### ACTION ITEM
Starting with the first line of the data that follows, transcribe every line verbatim until the line containing "1) 횡단보도: 녹색 -> 일시정지* 후 우회전 가능" has been transcribed.

### TASK INPUTS

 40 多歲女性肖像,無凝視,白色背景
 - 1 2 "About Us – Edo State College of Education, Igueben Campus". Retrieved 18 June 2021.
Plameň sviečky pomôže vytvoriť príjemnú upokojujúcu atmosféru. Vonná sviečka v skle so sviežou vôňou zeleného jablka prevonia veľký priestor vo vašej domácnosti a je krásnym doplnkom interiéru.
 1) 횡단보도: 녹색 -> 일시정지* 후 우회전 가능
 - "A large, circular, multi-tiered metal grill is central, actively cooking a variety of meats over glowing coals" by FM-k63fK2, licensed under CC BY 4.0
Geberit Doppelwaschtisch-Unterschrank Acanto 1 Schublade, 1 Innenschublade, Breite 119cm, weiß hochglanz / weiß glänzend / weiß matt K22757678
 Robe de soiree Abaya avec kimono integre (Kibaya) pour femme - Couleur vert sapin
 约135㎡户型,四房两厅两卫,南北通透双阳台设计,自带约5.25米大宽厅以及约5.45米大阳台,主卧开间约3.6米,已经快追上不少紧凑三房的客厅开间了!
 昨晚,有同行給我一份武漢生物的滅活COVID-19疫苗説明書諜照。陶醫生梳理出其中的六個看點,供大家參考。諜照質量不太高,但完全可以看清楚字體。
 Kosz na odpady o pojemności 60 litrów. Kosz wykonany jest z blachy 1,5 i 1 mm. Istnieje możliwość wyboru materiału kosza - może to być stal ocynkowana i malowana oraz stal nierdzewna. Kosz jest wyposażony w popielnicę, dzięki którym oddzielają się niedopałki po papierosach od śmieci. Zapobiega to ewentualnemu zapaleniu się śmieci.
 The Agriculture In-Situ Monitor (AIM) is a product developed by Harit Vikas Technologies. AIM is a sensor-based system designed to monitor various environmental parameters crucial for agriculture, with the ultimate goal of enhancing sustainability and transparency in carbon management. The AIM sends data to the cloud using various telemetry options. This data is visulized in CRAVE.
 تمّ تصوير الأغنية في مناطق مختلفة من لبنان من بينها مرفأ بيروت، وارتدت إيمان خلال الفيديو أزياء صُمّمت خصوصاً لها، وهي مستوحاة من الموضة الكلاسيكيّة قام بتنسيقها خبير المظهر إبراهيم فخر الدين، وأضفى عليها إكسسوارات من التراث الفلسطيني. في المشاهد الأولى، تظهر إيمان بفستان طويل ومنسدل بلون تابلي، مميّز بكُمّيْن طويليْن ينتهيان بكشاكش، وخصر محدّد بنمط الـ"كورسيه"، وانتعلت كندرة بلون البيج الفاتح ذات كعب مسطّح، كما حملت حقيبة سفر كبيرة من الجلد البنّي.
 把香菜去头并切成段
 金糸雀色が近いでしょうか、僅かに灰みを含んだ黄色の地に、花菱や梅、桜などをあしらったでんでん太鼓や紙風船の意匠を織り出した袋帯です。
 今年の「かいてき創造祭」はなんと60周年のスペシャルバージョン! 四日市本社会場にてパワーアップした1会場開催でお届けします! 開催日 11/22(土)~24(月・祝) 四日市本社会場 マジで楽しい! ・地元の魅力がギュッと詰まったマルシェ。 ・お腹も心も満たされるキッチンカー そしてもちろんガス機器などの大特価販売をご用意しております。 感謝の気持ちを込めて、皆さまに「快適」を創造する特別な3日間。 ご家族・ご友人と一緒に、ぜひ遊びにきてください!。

### EXERCISE RESULT
 40 多歲女性肖像,無凝視,白色背景
 - 1 2 "About Us – Edo State College of Education, Igueben Campus". Retrieved 18 June 2021.
Plameň sviečky pomôže vytvoriť príjemnú upokojujúcu atmosféru. Vonná sviečka v skle so sviežou vôňou zeleného jablka prevonia veľký priestor vo vašej domácnosti a je krásnym doplnkom interiéru.
 1) 횡단보도: 녹색 -> 일시정지* 후 우회전 가능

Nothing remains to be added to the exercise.